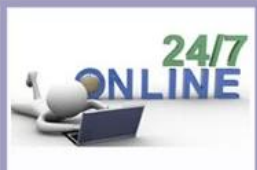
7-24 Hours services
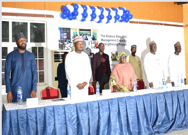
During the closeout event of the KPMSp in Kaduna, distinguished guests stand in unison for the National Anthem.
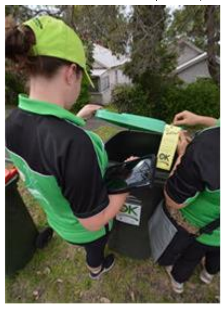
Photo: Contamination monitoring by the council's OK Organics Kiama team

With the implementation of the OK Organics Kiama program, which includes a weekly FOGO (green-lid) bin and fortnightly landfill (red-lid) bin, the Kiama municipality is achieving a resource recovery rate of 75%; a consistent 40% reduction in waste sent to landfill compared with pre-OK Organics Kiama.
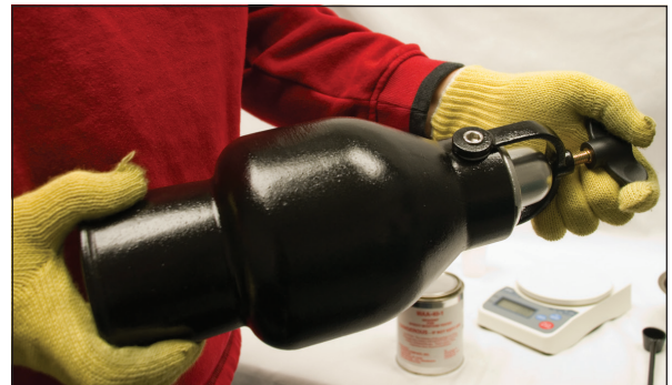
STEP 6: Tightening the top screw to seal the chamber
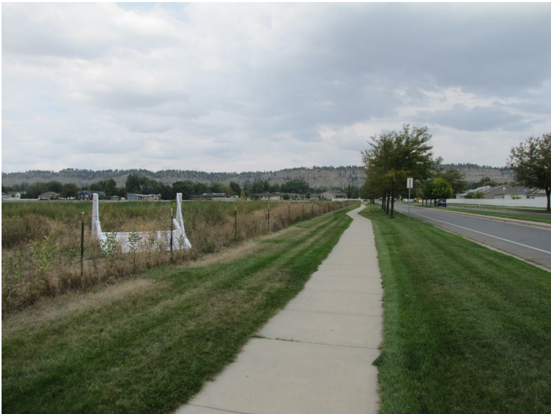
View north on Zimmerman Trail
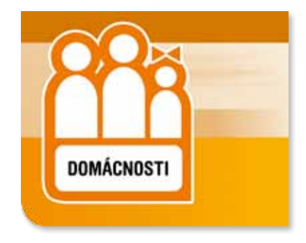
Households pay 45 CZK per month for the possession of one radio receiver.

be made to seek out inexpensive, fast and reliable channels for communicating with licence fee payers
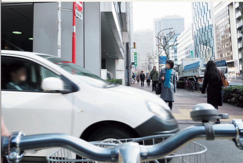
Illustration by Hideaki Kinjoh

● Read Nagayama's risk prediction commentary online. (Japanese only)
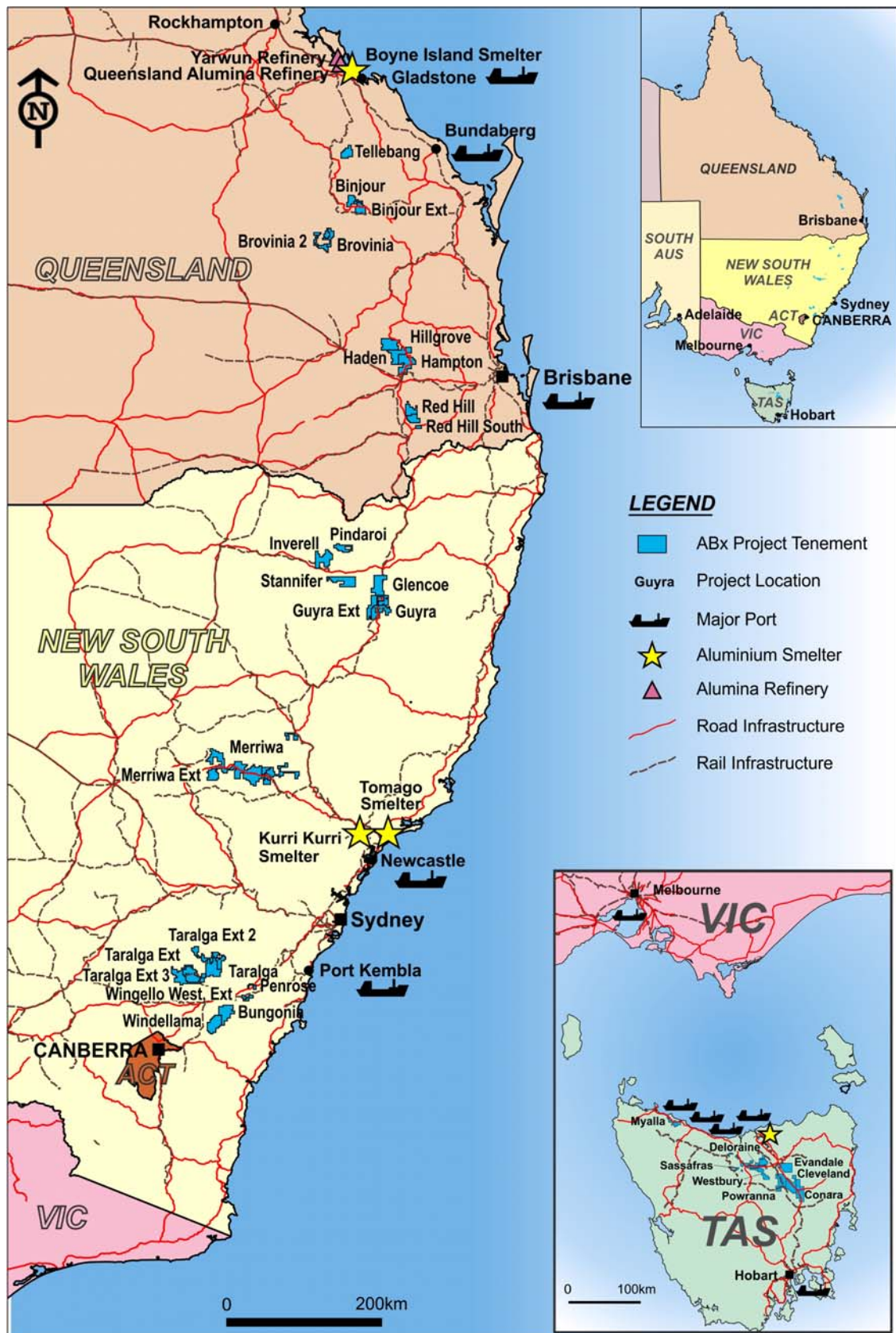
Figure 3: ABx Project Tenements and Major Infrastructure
================
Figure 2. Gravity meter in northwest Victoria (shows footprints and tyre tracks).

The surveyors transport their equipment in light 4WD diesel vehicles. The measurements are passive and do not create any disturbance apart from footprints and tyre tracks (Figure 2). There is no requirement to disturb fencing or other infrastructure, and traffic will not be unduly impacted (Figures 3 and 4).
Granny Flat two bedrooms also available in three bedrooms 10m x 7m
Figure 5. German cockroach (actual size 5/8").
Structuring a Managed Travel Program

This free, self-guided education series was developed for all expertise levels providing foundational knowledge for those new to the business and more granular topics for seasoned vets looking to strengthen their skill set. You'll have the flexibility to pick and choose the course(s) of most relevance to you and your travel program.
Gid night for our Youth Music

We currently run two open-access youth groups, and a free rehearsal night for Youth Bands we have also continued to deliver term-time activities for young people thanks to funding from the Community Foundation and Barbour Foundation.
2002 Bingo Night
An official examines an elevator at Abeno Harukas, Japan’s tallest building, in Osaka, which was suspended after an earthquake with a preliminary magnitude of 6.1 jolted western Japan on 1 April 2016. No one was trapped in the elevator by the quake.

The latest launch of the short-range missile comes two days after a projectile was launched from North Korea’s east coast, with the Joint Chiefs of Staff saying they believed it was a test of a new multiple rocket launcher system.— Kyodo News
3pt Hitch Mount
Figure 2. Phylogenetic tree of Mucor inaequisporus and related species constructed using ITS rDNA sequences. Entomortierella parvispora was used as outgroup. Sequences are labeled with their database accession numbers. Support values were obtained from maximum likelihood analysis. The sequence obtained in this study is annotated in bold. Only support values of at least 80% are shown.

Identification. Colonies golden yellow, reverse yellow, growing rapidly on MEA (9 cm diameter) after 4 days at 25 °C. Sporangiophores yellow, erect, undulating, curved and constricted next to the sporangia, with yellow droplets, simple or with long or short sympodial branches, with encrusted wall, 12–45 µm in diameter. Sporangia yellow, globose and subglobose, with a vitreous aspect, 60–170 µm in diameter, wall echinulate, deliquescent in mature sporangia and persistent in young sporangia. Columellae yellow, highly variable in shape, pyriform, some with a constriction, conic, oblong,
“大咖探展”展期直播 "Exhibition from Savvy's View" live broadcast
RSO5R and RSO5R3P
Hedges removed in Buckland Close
================
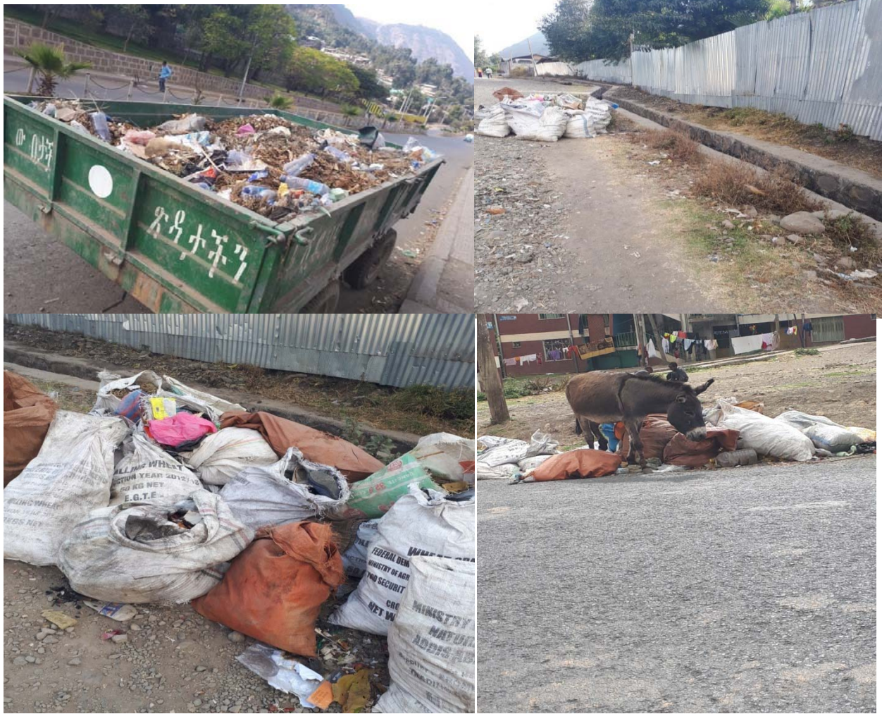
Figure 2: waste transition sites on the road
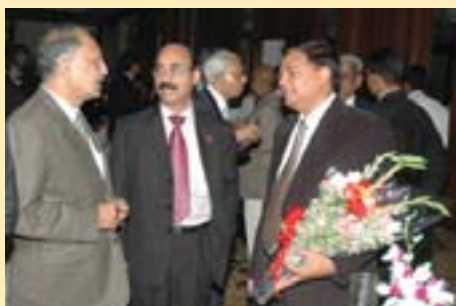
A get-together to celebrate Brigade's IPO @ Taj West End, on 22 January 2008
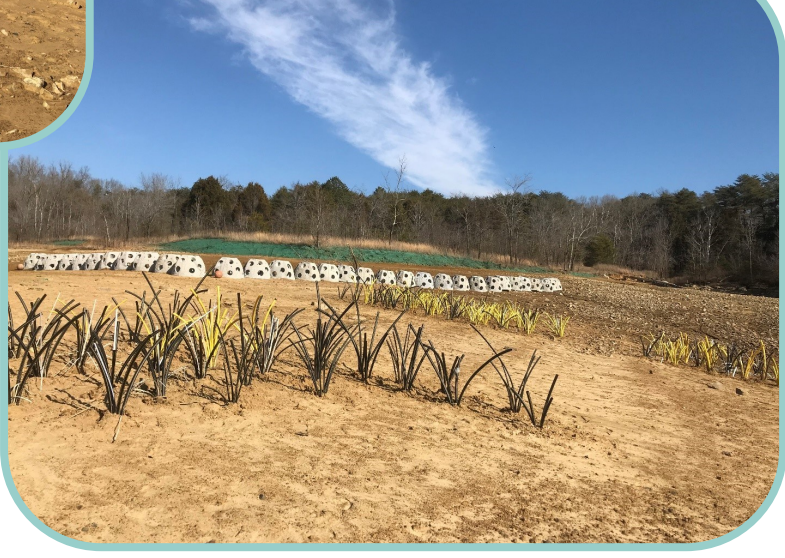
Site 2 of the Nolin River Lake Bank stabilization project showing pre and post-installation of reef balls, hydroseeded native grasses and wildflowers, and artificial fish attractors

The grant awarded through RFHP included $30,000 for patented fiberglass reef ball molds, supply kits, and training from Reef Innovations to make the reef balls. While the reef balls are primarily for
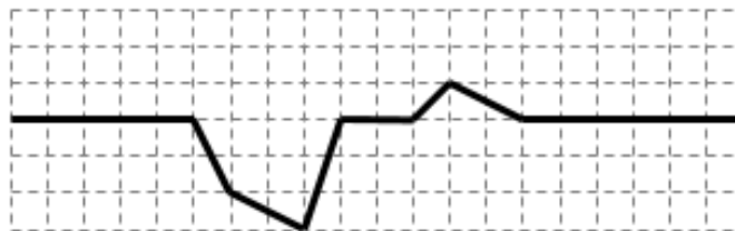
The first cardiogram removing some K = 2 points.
================
## TASK DESCRIPTION
Using the material above, find each line that holds "tracks" and copy that line.

## EXPECTED ANSWER
Figure 2. Gravity meter in northwest Victoria (shows footprints and tyre tracks).
The surveyors transport their equipment in light 4WD diesel vehicles. The measurements are passive and do not create any disturbance apart from footprints and tyre tracks (Figure 2). There is no requirement to disturb fencing or other infrastructure, and traffic will not be unduly impacted (Figures 3 and 4).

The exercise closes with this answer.